2.5.  Phenolics content

The total phenolic content was determined by adding 0.5 ml of the aqueous extract to 2.5 ml, 10% Folin-Ciocalteau's reagent (v/v) and 2.0 ml of 7.5% sodium carbonate. The reaction mixture was incubated at 45 ^o C for 40 min, and the absorbance was measured at 765 nm in the spectrophotometer. Gallic acid was used as a standard phenol (Singleton et al., 1999). The mean of three readings was used and the total phenol content was expressed as milligram's of gallic acid equivalents/ g extract.

2.6.  Determination of proline contents

The proline contents were estimated by the method of Bates et al. (1973). The plants material was homogenized in 3% aqueous sulfosalicylic acid and the homogenate mixture was centrifuged at 10000 rpm. Supernatant was used for estimation of proline contents. The reaction mixture consisted of 2 ml acid ninhydrin and 2 ml of glacial acetic acid, which was boiled at 100^o C for 1 h after termination of reaction in ice bath. The reaction mixture was extracted with 4 ml of toluene and absorbance was read at 520 nm.
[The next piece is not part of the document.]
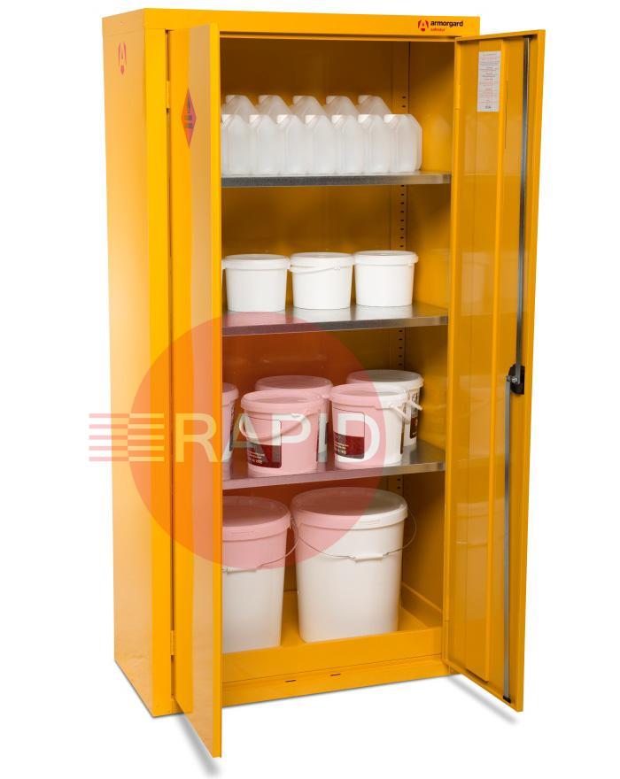 Safestor Hazardous Floor Cupboard 900mm x 465mm x 1800mm, designed to be used internally for the safe storage of flammables and chemicals, such as paint and other hazardous substances as defined by COSHH guidelines.

2.7.  Determination of glycine betaine contents

The amount of glycine betaine was estimated by using the method designed by Grieve and Grattan (1983). The plants tissues was finely ground, mechanically shaken with 20 ml of deionized water for 24 h at 25^oC. The samples were then filtered and the filtrates were diluted (1:1) with 2N H₂SO₄. Aliquots were kept in centrifuge tubes and cooled in ice water for 1 h. Cold KI-I₂ reagents were added and the reactants were gently stirred with a vortex mixture. The tubes were stored at 4^o C for 16 h and then centrifuged at 10000 rpm for 15 min, while the supernatant was carefully recovered with a fine glass tube. The periodide crystals were dissolved in 9 ml of 1,2- dichloroethane. After 2 h, the absorbance was measured at 365 nm. Glycine betaine content was estimated by using a standard curve and expressed in µmol of leaves.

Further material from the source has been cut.